FIGURE 30–12 An 11-year-old child with Down syndrome presented with gross atlantoaxial instability. The patient’s gait was clumsy. Physical examination revealed poor coordination of the extremities. There was no other evidence of motor or sensory impairment of pathologic reflexes. The patient had no symptoms referable to the cervical spine 2 years after surgical stabilization.

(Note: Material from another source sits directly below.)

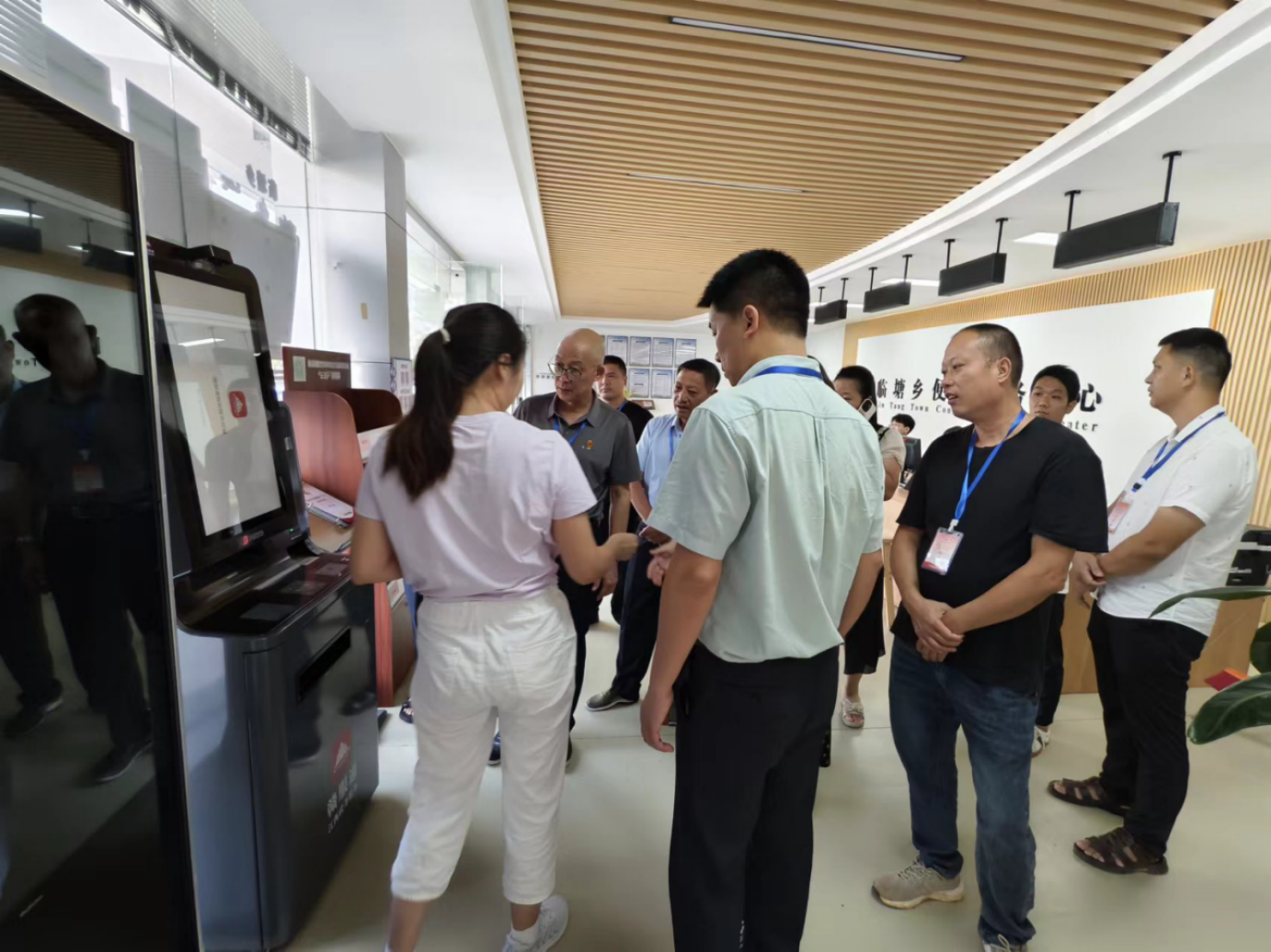 人大代表第一站来到乡综合便民服务中心,分别来到民政、医保、卫生健康、帮办代办窗口以普通群众身份,亲自体验办事流程,了解服务流程、服务态度、工作效率等方面的情况开展体验活动,并在工作人员的指导下亲自操作了赣服通智能服务终端,进行了智能身份证打印等一系列体验。

Too little attention has been paid in the past to occult respiratory dysfunction in patients with atlantoaxial instability.^74,75 Many patients have an unrecognized decrease in vital capacity and chronic alveolar hypoventilation as a result of the neurologic injury to the brainstem.^18,76 Similarly, gag and cough reflexes are often depressed,⁷⁴ and the patient may experience a deterioration of pulmonary function in the postoperative period.⁷⁶ Periods of apnea and respiratory distress during surgery or in the immediate postoperative period have frequently resulted in death or have required prolonged respiratory support.⁷⁶ Preoperative pulmonary evaluation can be helpful in limiting the severity of respiratory complications. If pulmonary function is significantly reduced or if gag and cough reflexes are depressed, consideration should be given to preoperative tracheostomy.⁷⁴ Equipment for mechanical respiratory support must be immediately available during the postoperative period.⁷⁶

Laxity of Transverse Atlantal Ligament

Laxity of the transverse atlantal ligament is a diagnosis of exclusion suggested by the clinical occurrence of chronic atlantoaxial dislocation without a predisposing cause.³³ There is no history of trauma, congenital anomaly, infection, or rheumatoid arthritis to account for the radiologic finding. Most patients with this condition have the typical symptoms of atlantoaxial instability and require surgical stabilization.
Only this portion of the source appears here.